«Это твоя вина».
Агафья не верила в свою виновность и полагала, что эта часть предсказания неправильна, но во все остальное она верила безоговорочно и была готова взять на себя ответственность за исправление ситуации. И даже нынешнее скромное ее участие в происходящем все больше и больше настраивало ее на поиски ответа… и решения.
Они закончили молитвы, разомкнули руки и запели гимн. Но в их пении не было былого энтузиазма, и они больше не вкладывали в него никаких чувств, потому что уже знали, что и это Очищение прошло безрезультатно, поэтому в их пении ясно слышалось разочарование.
После того как все закончилось, молокане даже не стали ничего обсуждать. Все чувствовали себя разочарованными и раздосадованными. Попрощавшись, они разошлись по домам.
На этот раз домой ее вез Семен, и Агафья боялась, что он начнет вспоминать былое и обсуждать вещи, которые она обсуждать совсем не хотела; но, к счастью, они благополучно промолчали всю дорогу до дома, а потом вежливо, но сухо распрощались.

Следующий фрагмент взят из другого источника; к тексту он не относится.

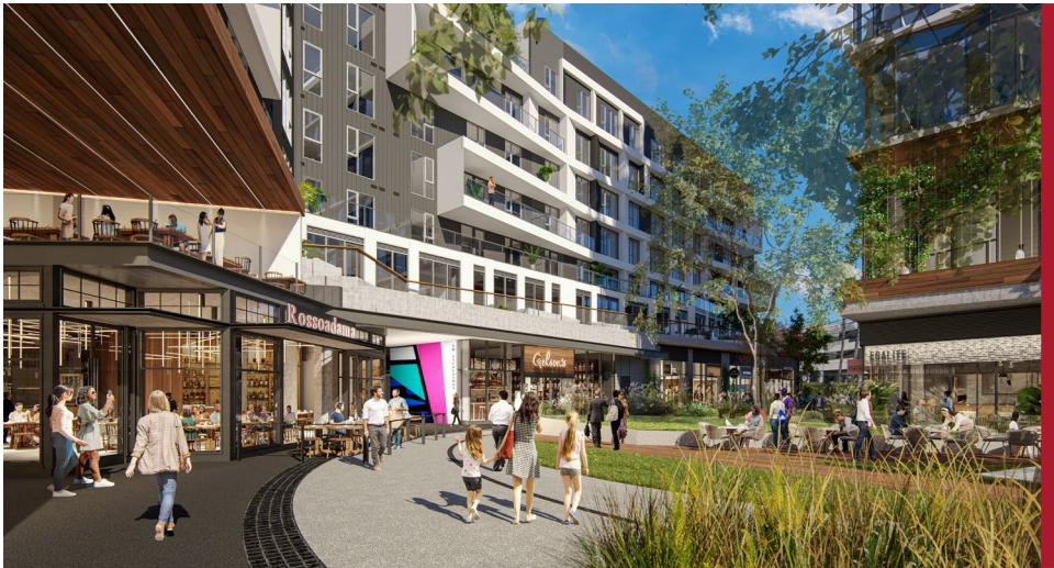
West Edge residents and office tenants will enjoy a curated retail experience that utilizes indoor and outdoor space.

Planning the right retail in a space – and finding the right balance of soft goods, food and beverage, and entertainment – is a critical component of placemaking, as well. More than a collection of restaurants and shops, a rich retail experience incorporates and reflects the lifestyle, wellness and entertainment preferences of the people who will live, work and visit the place, and it's also a key consideration for businesses seeking office space. “As we’ve been leasing the office building at West Edge, the first question we get asked isn’t about ceiling heights or parking ratios, it’s ‘Who are the retailers?’,” says Akula.
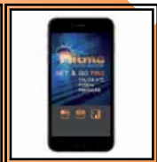
App "Set & Go Pro"

and: Inserts Ø 6" ÷ 18" IPS; 6" ÷ 18" DIPS; KIT for IN-DITCH USE, HS Roller 630; Plug for network power supply connection
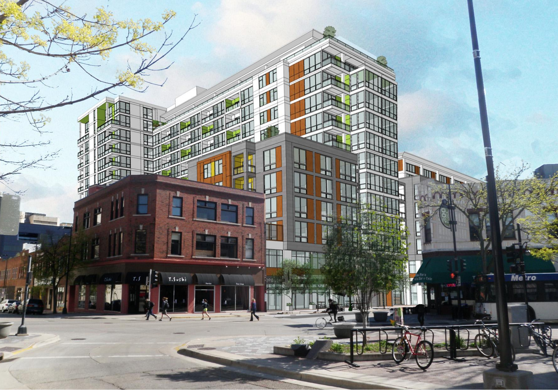
state street perspective - proposed

В эту ночь Агафье приснился Яков.
Священник приснился ей молодым, таким, каким был во время их первой встречи, и он стоял на коленях перед статуей, похожей на Dedushka Domovedushka. Он что-то бормотал, произнося молитву, но она была ни на русском, ни на английском, ни на испанском, ни на одном другом из языков, которые Агафья понимала. Яков был одет в рубашку с короткими рукавами, и его тонкие руки были чисты от морщин и возрастных пятен.
Себя Агафья тоже видела молодой и чувствовала свою радость от того, что видит его, но боялась подойти к нему поближе.
– Яков! – позвала она. – Яков Иванович!
Тот повернул голову и посмотрел на нее через плечо, и она увидела, что у него нет лица. Ни глаз, ни носа, ни рта – только гладкая чистая кожа. Он отчаянно жестикулировал, махал ей руками, пытаясь, по-видимому, что-то сообщить, но она не понимала, что он хочет сказать. Статуя, стоявшая позади него, начала вдруг смеяться. Жестикуляция Якова становилась все хаотичнее, а смех статуи – все громче. Сама статуя была абсолютно неподвижна, и только рот ее непрерывно открывался и закрывался, и скоро смех стал таким сильным, что по щекам статуи покатились слезы, лившиеся из ее холодных каменных глаз…
II
– Выглядишь ты совершенно ужасно.
Джулия кивнула и посмотрела на свое отражение в антикварном зеркале на стене. Она плохо спала после своего визита в Рашнтаун – во сне ей докучали образы карликов и теней и звуки старческого смеха.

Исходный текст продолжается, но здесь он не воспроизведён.